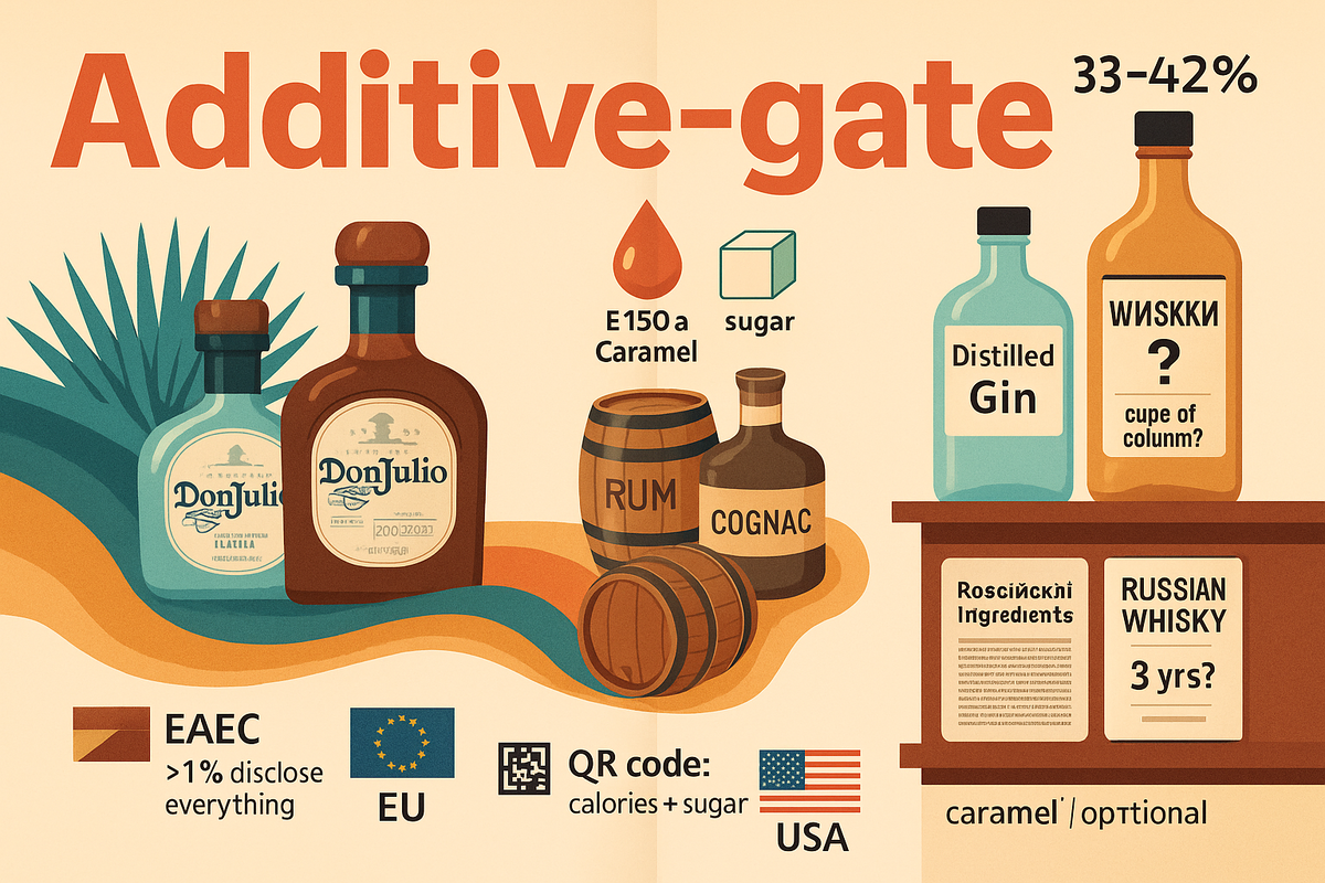 Всё началось, когда в США подали коллективный иск против Diageo: потребители обвинили «Don Julio» и «Casamigos» в том, что заявленный статус 100 % blue agave прикрывает фактические 33–42 % спирта агавы. Одновременно мексиканский регулятор CRT заморозил право брендов выводить на этикетку термин additivefree и затеял процесс против некоммерческого Additive Free Alliance, чтобы получить эксклюзив на право такой маркировки. Но спор о «чистоте» текилы сегодня уже вышел за пределы agave категории и добрался до каждого напитка, где карамель, глицерин или «дубовый экстракт» давно считаются «традицией».
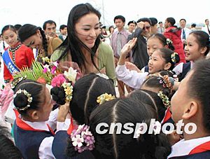 世界小姐參賽佳麗對前來歡迎的小朋友們十分親善。趙曉兵 攝
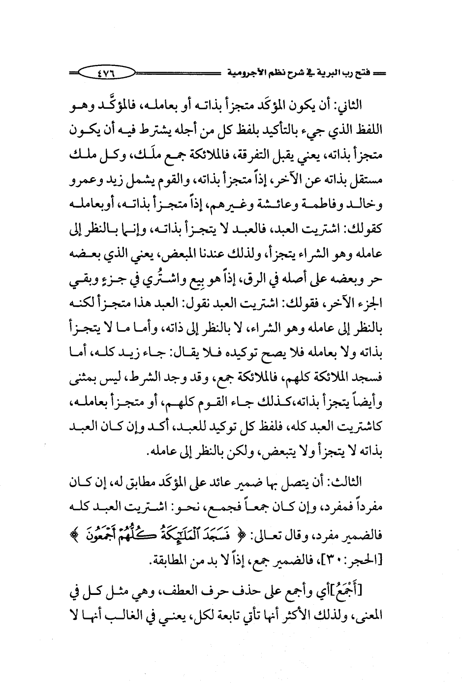 الثاني: أن يكون المؤكَد متجزأ بذاته أو بعامله، فالمؤكَّد وهو اللفظ الذي جيء بالتأكيد بلفظ كل من أجله يشترط فيه أن يكون متجزأ بذاته، يعني يقبل التفرقة، فالملائكة جمع ملَك، وكل ملك مستقل بذاته عن الآخر، إذاً متجزأ بذاته، والقوم يشمل زيد وعمرو وخالد وفاطمة وعائشة وغيرهم، إذاً متجزأ بذاته، أوبعامله كقولك: اشتريت العبد، فالعبد لا يتجزأ بذاته، وإنما بالنظر إلى عامله وهو الشراء يتجزأ، ولذلك عندنا المبعض، يعني الذي بعضه حر وبعضه على أصله في الرق، إذاً هو بِيع واشتُري في جزءٍ وبقي الجزء الآخر، فقولك: اشتريت العبد نقول: العبد هذا متجزأ لكنه بالنظر إلى عامله وهو الشراء، لا بالنظر إلى ذاته، وأما ما لا يتجزأ بذاته ولا بعامله فلا يصح توكيده فلا يقال: جاء زيد كله، أما فسجد الملائكة كلهم، فالملائكة جمع، وقد وجد الشرط، ليس بمثنى وأيضاً يتجزأ بذاته، كذلك جاء القوم كلهم، أو متجزأ بعامله، كاشتريت العبد كله، فلفظ كل توكيد للعبد، أكد وإن كان العبد بذاته لا يتجزأ ولا يتبعض، ولكن بالنظر إلى عامله.
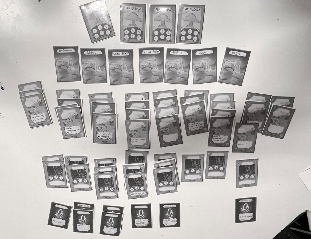 I started the project, writing abilities on printed blanco versions of the cards. Trying to keep the balancing fair. After a lot of playtesting and adjusting, I made a version in colors. Finally, I polished everything, and after a last balancing, I printed the final version of the game.
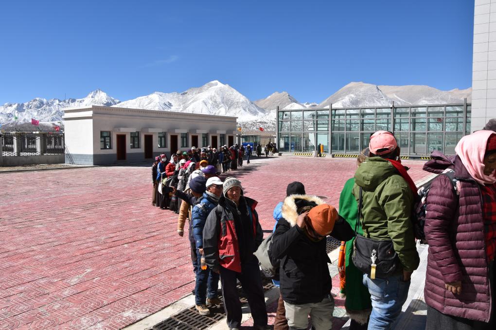 排隊等待從里孜口岸入境的民眾。(受訪者供圖)
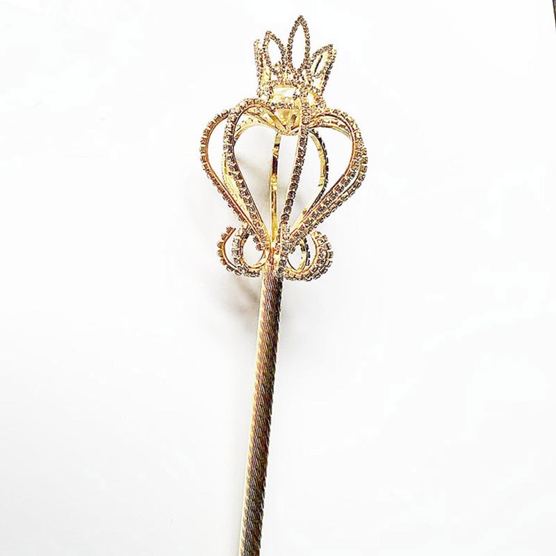 Varita de cetro de cristal ostentoso, Tiaras y coronas de Color dorado/plateado, cetro de rey, reina, boda, de desfile, disfraces, accesorios de mano
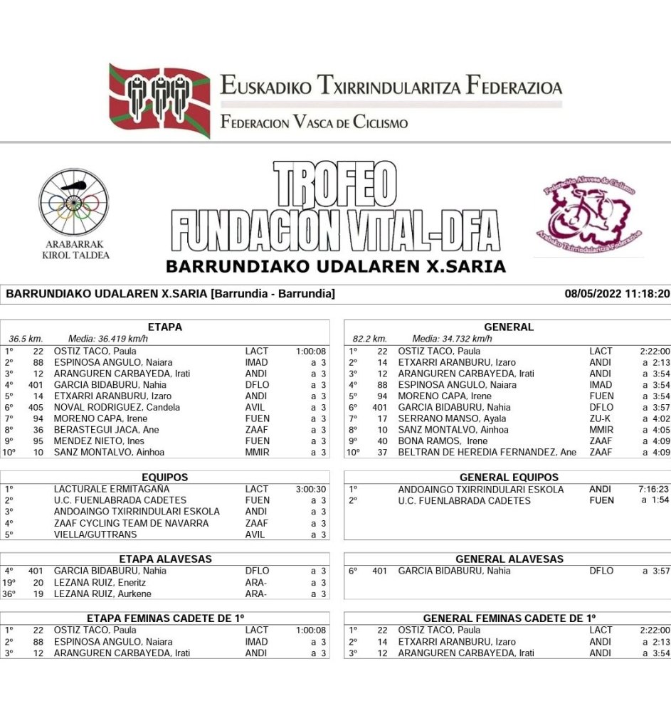 Paula Ortiz (Lacturale Ermitagaña) volvió a ganar en la Vuelta a Álava Femenina-Trofeo Fundación Vital-DFA y se impuso el domingo en la segunda etapa disputada en Barrundia. Naiara Espinosa (IPAR) fue segunda y Irati Aranguren (Andoaingo), tercera. Puesto 15 para Claudia Xiangfeng (Fuenlabrada). En la general, Paula Ortiz ha sido la ganadora, por delante de Izaro Etxarri (Andoaingo) y de Irate Aranguren. La alicantina Claudia Xiangfeng ha rozado el top 10 con un undécimo puesto. Además, su equipo, el Fuenlabrada, ha sido segundo, por detrás del Andoaingo. Una buena prueba de fuego para Claudia en su idea de seguir creciendo como ciclista. Carreras como la que ha disfrutado este fin de semana en tierras vascas, con ese nivel, le permiten adquirir una experiencia y demostrar que su trabajo está en el buen camino, aunque la corredora del Fuenlabrada es consciente de que todo pasa seguir entrenando duro para poder estar en lo alto.
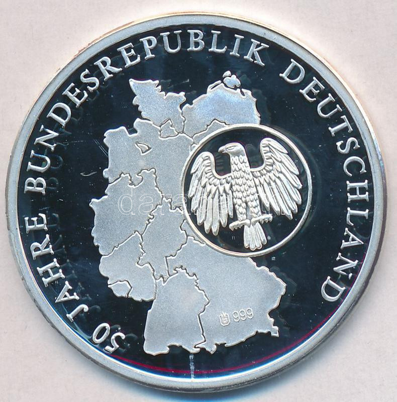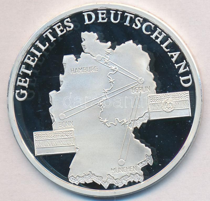 Németország 1993. "Német Szövetségi Köztársaság 50 éve - A kettéosztott Németország" Ag emlékérem (20g/0.999/40mm) sorszámozott tanúsítvánnyal T:PP
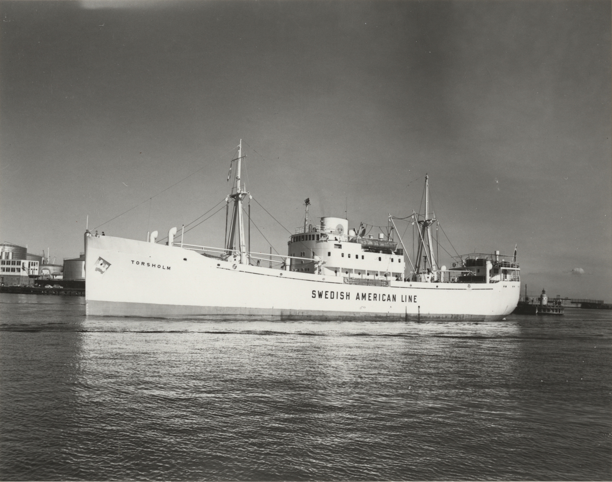 Foto i svartvitt visande lastmotorfartyget "TORSHOLM" i Köpenhamn under 1950-talet.
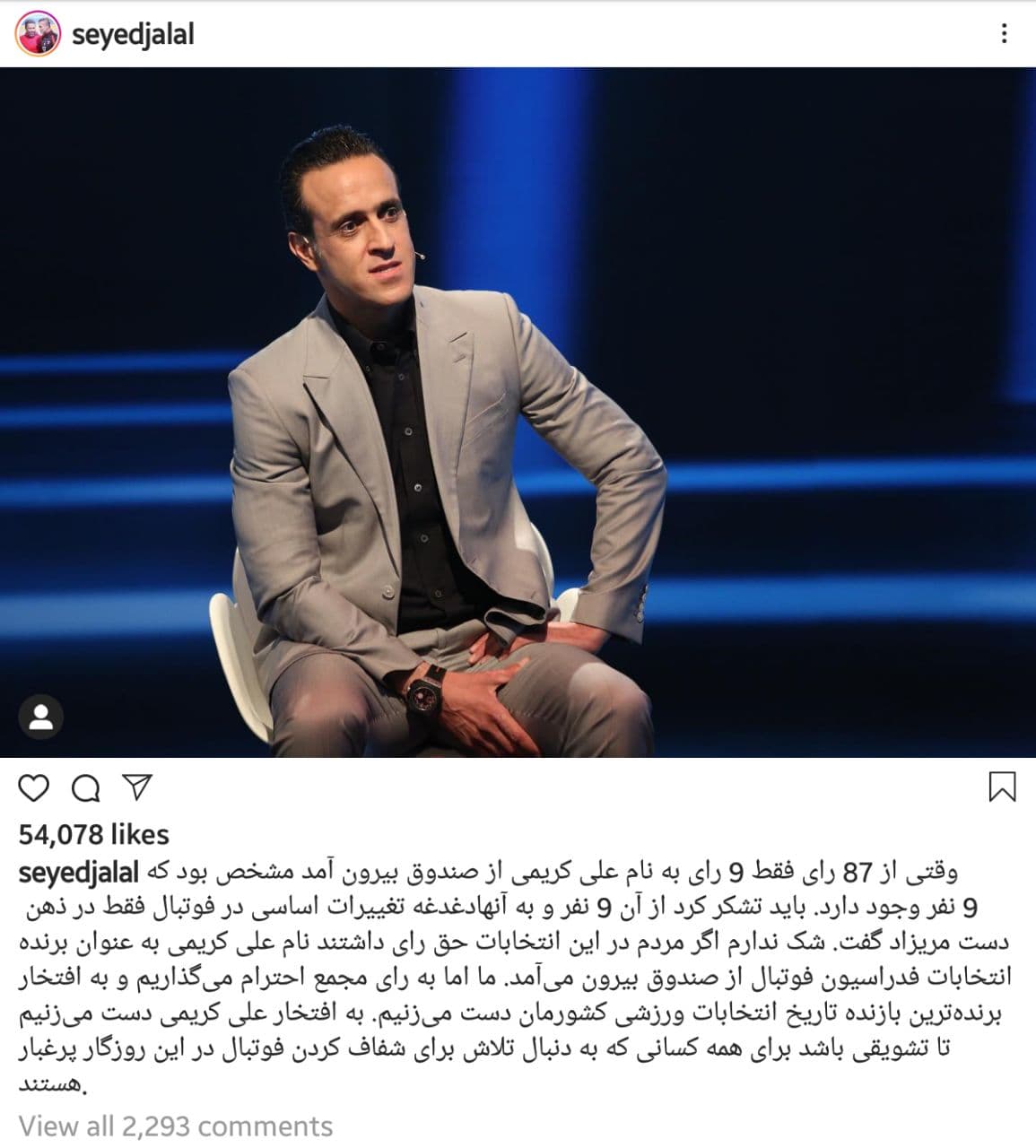 سیدجلال حسینی با انتشار متنی در صفحه اینستاگرامش به نتیجه انتخابات ریاست فدراسیون فوتبال واکنش نشان داد.
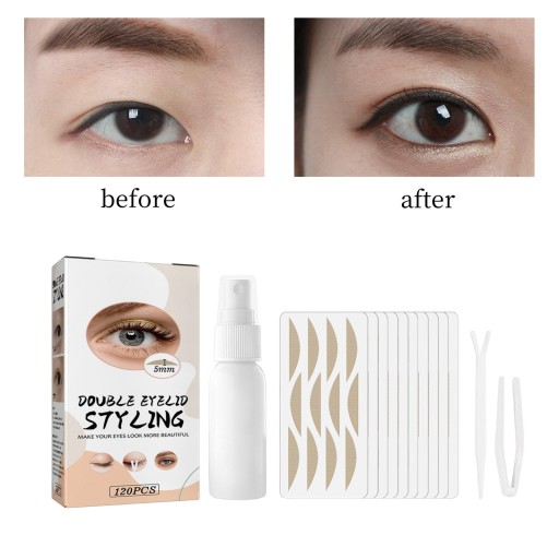 Opakowanie: zawiera 120 sztuk niewidocznych podwójnych naklejek na powieki, widelec, małą pincetę i butelkę z rozpylaczem.
····················
*Activity*
Verbatim copy without images: write the records above out in full.

*Response to the exercise*
 Всё началось, когда в США подали коллективный иск против Diageo: потребители обвинили «Don Julio» и «Casamigos» в том, что заявленный статус 100 % blue agave прикрывает фактические 33–42 % спирта агавы. Одновременно мексиканский регулятор CRT заморозил право брендов выводить на этикетку термин additivefree и затеял процесс против некоммерческого Additive Free Alliance, чтобы получить эксклюзив на право такой маркировки. Но спор о «чистоте» текилы сегодня уже вышел за пределы agave категории и добрался до каждого напитка, где карамель, глицерин или «дубовый экстракт» давно считаются «традицией».
 世界小姐參賽佳麗對前來歡迎的小朋友們十分親善。趙曉兵 攝
 الثاني: أن يكون المؤكَد متجزأ بذاته أو بعامله، فالمؤكَّد وهو اللفظ الذي جيء بالتأكيد بلفظ كل من أجله يشترط فيه أن يكون متجزأ بذاته، يعني يقبل التفرقة، فالملائكة جمع ملَك، وكل ملك مستقل بذاته عن الآخر، إذاً متجزأ بذاته، والقوم يشمل زيد وعمرو وخالد وفاطمة وعائشة وغيرهم، إذاً متجزأ بذاته، أوبعامله كقولك: اشتريت العبد، فالعبد لا يتجزأ بذاته، وإنما بالنظر إلى عامله وهو الشراء يتجزأ، ولذلك عندنا المبعض، يعني الذي بعضه حر وبعضه على أصله في الرق، إذاً هو بِيع واشتُري في جزءٍ وبقي الجزء الآخر، فقولك: اشتريت العبد نقول: العبد هذا متجزأ لكنه بالنظر إلى عامله وهو الشراء، لا بالنظر إلى ذاته، وأما ما لا يتجزأ بذاته ولا بعامله فلا يصح توكيده فلا يقال: جاء زيد كله، أما فسجد الملائكة كلهم، فالملائكة جمع، وقد وجد الشرط، ليس بمثنى وأيضاً يتجزأ بذاته، كذلك جاء القوم كلهم، أو متجزأ بعامله، كاشتريت العبد كله، فلفظ كل توكيد للعبد، أكد وإن كان العبد بذاته لا يتجزأ ولا يتبعض، ولكن بالنظر إلى عامله.
 I started the project, writing abilities on printed blanco versions of the cards. Trying to keep the balancing fair. After a lot of playtesting and adjusting, I made a version in colors. Finally, I polished everything, and after a last balancing, I printed the final version of the game.
 排隊等待從里孜口岸入境的民眾。(受訪者供圖)
 Varita de cetro de cristal ostentoso, Tiaras y coronas de Color dorado/plateado, cetro de rey, reina, boda, de desfile, disfraces, accesorios de mano
 Paula Ortiz (Lacturale Ermitagaña) volvió a ganar en la Vuelta a Álava Femenina-Trofeo Fundación Vital-DFA y se impuso el domingo en la segunda etapa disputada en Barrundia. Naiara Espinosa (IPAR) fue segunda y Irati Aranguren (Andoaingo), tercera. Puesto 15 para Claudia Xiangfeng (Fuenlabrada). En la general, Paula Ortiz ha sido la ganadora, por delante de Izaro Etxarri (Andoaingo) y de Irate Aranguren. La alicantina Claudia Xiangfeng ha rozado el top 10 con un undécimo puesto. Además, su equipo, el Fuenlabrada, ha sido segundo, por detrás del Andoaingo. Una buena prueba de fuego para Claudia en su idea de seguir creciendo como ciclista. Carreras como la que ha disfrutado este fin de semana en tierras vascas, con ese nivel, le permiten adquirir una experiencia y demostrar que su trabajo está en el buen camino, aunque la corredora del Fuenlabrada es consciente de que todo pasa seguir entrenando duro para poder estar en lo alto.
 Németország 1993. "Német Szövetségi Köztársaság 50 éve - A kettéosztott Németország" Ag emlékérem (20g/0.999/40mm) sorszámozott tanúsítvánnyal T:PP
 Foto i svartvitt visande lastmotorfartyget "TORSHOLM" i Köpenhamn under 1950-talet.
 سیدجلال حسینی با انتشار متنی در صفحه اینستاگرامش به نتیجه انتخابات ریاست فدراسیون فوتبال واکنش نشان داد.
 Opakowanie: zawiera 120 sztuk niewidocznych podwójnych naklejek na powieki, widelec, małą pincetę i butelkę z rozpylaczem.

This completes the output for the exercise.